Around the World in 69 Days - Fall 2007 travel blog

Augnanure Castle

Kylemore Abbey

close up

dining room

chapel interior



another view

head gardener's cottage

According to our guidebook "Connemara National Park is a lovely park spread over mountains, bogs, and wetlands. It has an excellent visitor center which offers advice on how best to see this scenic wonder." So we set out on yet another ring drive around this peninsula and to visit the national park. On the way we stopped at

Augnanure Castle, just because it was there. There wasn't much left of it but a watch tower, typical of many of the castles we've passed.

The national park was a major disappointment. The visitor center was not open and it was not obvious how we were supposed to access this area. Even the toilets were not open, also an issue after a long drive. There were a few parked cars and we supposed people were off in the brush tramping around, but it was cloudy and cold and aimless hiking without the appropriate clothing did not seem like fun.

A few miles down the road we came to Kylemore Abbey,

where many more tourists were enjoying this special place. It was built in the 1860's as Kylemore Castle by a British man named Mitchell Henry who must have been as rich as Bill Gates. In the middle of nowhere he erected this massive, lavish home at his wife's request and a neo Gothic chapel

modeled after his favorite Norwich Cathedral. The family had nine children, and the castle was built with entertaining in mind. When their wealthy friends would call with all of their servants, 150 people were housed in the castle.

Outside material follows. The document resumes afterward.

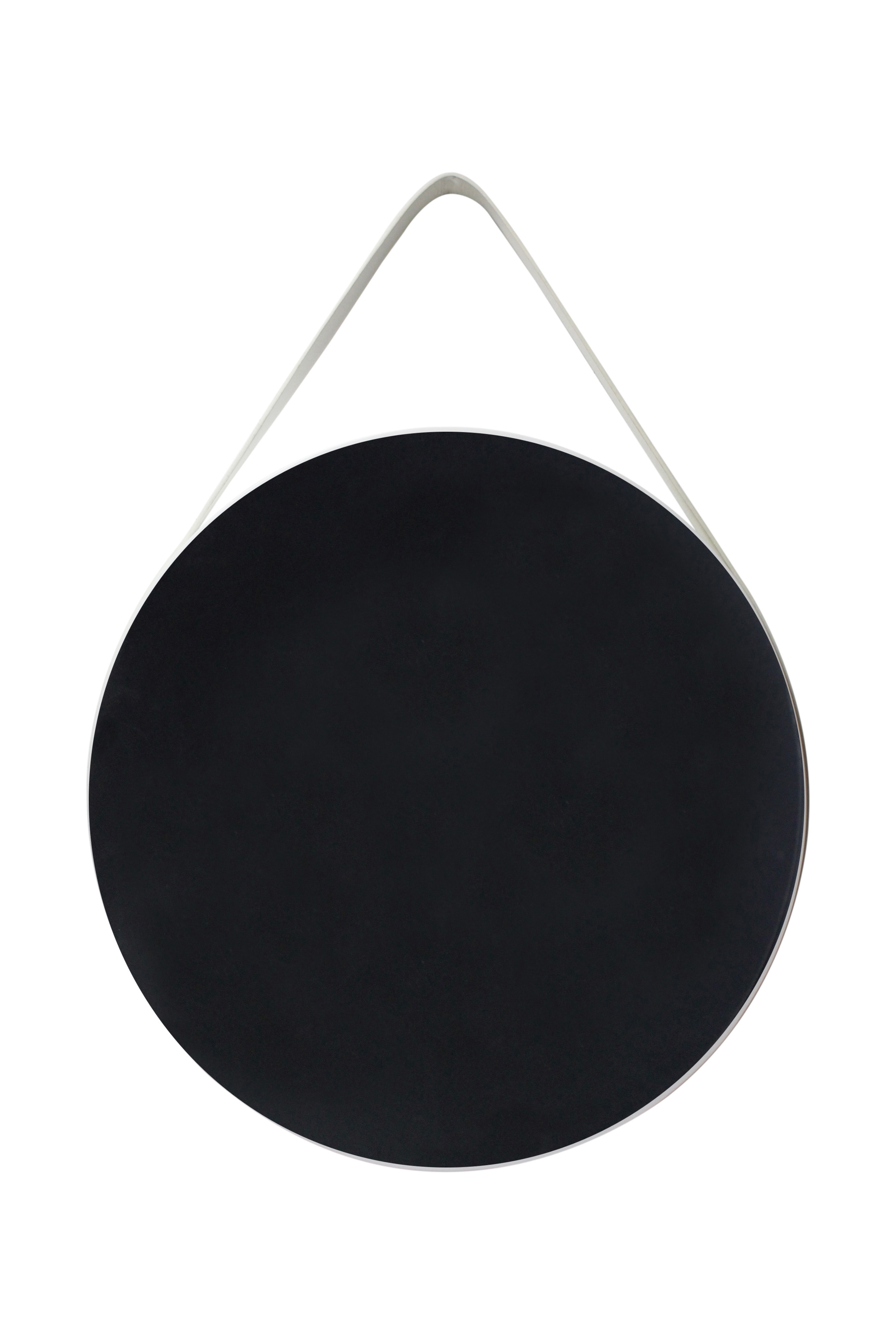 Bei diesem Spiegel erfolgt die Aufhängung an einem Gürtel aus Kunstleder. Der farblich passende Gürtel ist am äußeren Rahmen des Spiegels befestigt und macht den Spiegel durch die sichtbare und elegante Aufhängung zu einem besonderen Hingucker.

Our admission included a Victorian walled garden

which is scheduled to close for the season at the end of the day. Given the blustery weather we were tempted to skip it, but the ticket agent said we would love the layout. And she was so right. The garden was so far from the house, we had to take a shuttle bus through the woods to get there. Even at this time of year things were still green and blooming and the ornamental beds cut into symmetrical patterns were amazing.

How wonderful it would be to see this place when all is in bloom. There were ornamental beds designed for strolling, vegetable and herb gardens, flower gardens - all could be irrigated by a balling brook that crossed the garden if need be. The castle had a battalion of gardeners to work on this place. The head gardener had a nice home

nearby so he could keep an eye on them slaving away. Nearby green houses would keep them busy year round preparing plants for the next season in the winter.

As seems to be the story with all these great houses, the Henry's fell on bad times and today the house belongs to Benedictine nuns who run a girls' school in the castle, now called the abbey. Students come from all over the world and board there and area students attend as well, which meant that we could only see the rooms on the first floor.

The ballroom has been turned into a chapel where the nuns pray and the students are housed and taught in the other upper floor areas.

Overall, the Connemara Peninsula was rather bleak and empty. The mountains were not high and the peat fields surrounding them looked brown. The road passed lots of fresh water lakes that might be used by fishermen and boaters in warmer weather, but there was nothing happening today. Perhaps we are no longer here during the off season. Perhaps it has become the "no tourists at all" season. Must be time to go home.